Microsoft Wednesday said that an entry-level edition of its Visual Studio tools will remain free and available for use without restrictions for developers.
Microsoft initially offered Visual Studio Express, launched last November, free for a year. The company decided to make the tool free permanently because of the “incredibly positive response” from both hobbyists and students who like having easy and free access to the tool, Microsoft said in an e-mail statement.
Microsoft has traditionally tried to foster a strong ecosystem around its developer tools.
There are five versions of Visual Studio Express: Visual Web Developer Express, Visual Basic Express, Visual C# Express, Visual C++ Express and Visual J# Express. Microsoft also launched a free, entry-level version of its database, SQL Server Express, at the same time it released Visual Studio Express.
Microsoft Wednesday said it has worked with partners to create add-ons to Visual Studio Express to lure both young developers who are just learning how to code and hobbyist developers who code for fun at home.
For example, working with the toy company The Lego Group, Microsoft created an application that allows people with Lego Mindstorms robots to use Visual Studio Express to program the robots to do specific commands, such as maneuver around obstacles or be controlled from a keyboard or a mouse, the company said.
EBay also is providing a Visual Studio Web Developer Express starter kit with prebuilt technology and templates for helping developers quickly build applications for the auction site, Microsoft said.
Both Visual Studio Express and SQL Server Express will be on display at Maker Faire in San Mateo, Calif., on Saturday and Sunday.
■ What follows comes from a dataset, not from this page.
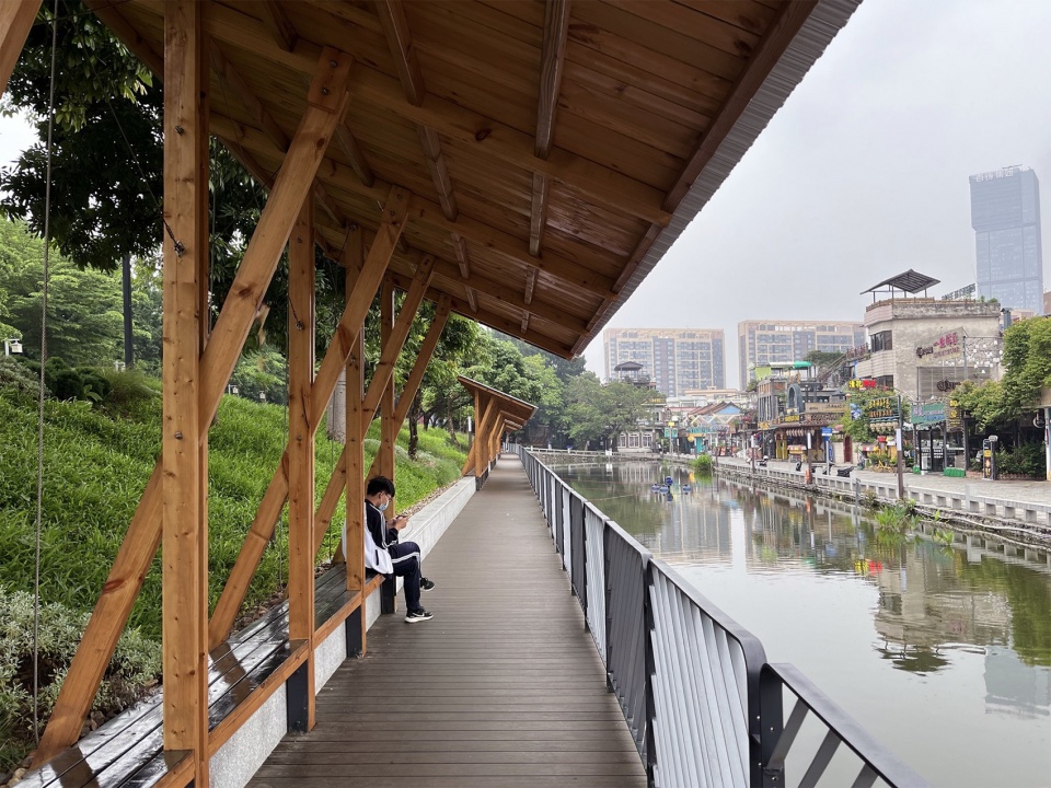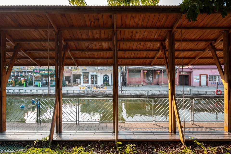 With the west bank already bustling, the east bank should not draw too much attention. The pavilions’ single-slope overhang provides shade while serving a visual purpose. From the higher vantage point of Batou Yanhe West Road, the tilted eaves reveal a wooden underside, blending into the natural surroundings and tree shadows. Meanwhile, facing the dominance of the west bank, the pavilions present a modest space beneath the eaves, hinting at the potential for public activities.

Hosted by O’Reilly Media’s Make Magazine, the fair is aimed at building and encouraging a grassroots community of hobbyist and student inventors and technology developers.
The Visual Studio 2005 Express editions are available for download Wednesday from the Microsoft Developer Network.
More information on Maker Faire as well as technology and resources for hobbyist and student developers is available on Microsoft’s Coding4Fun website.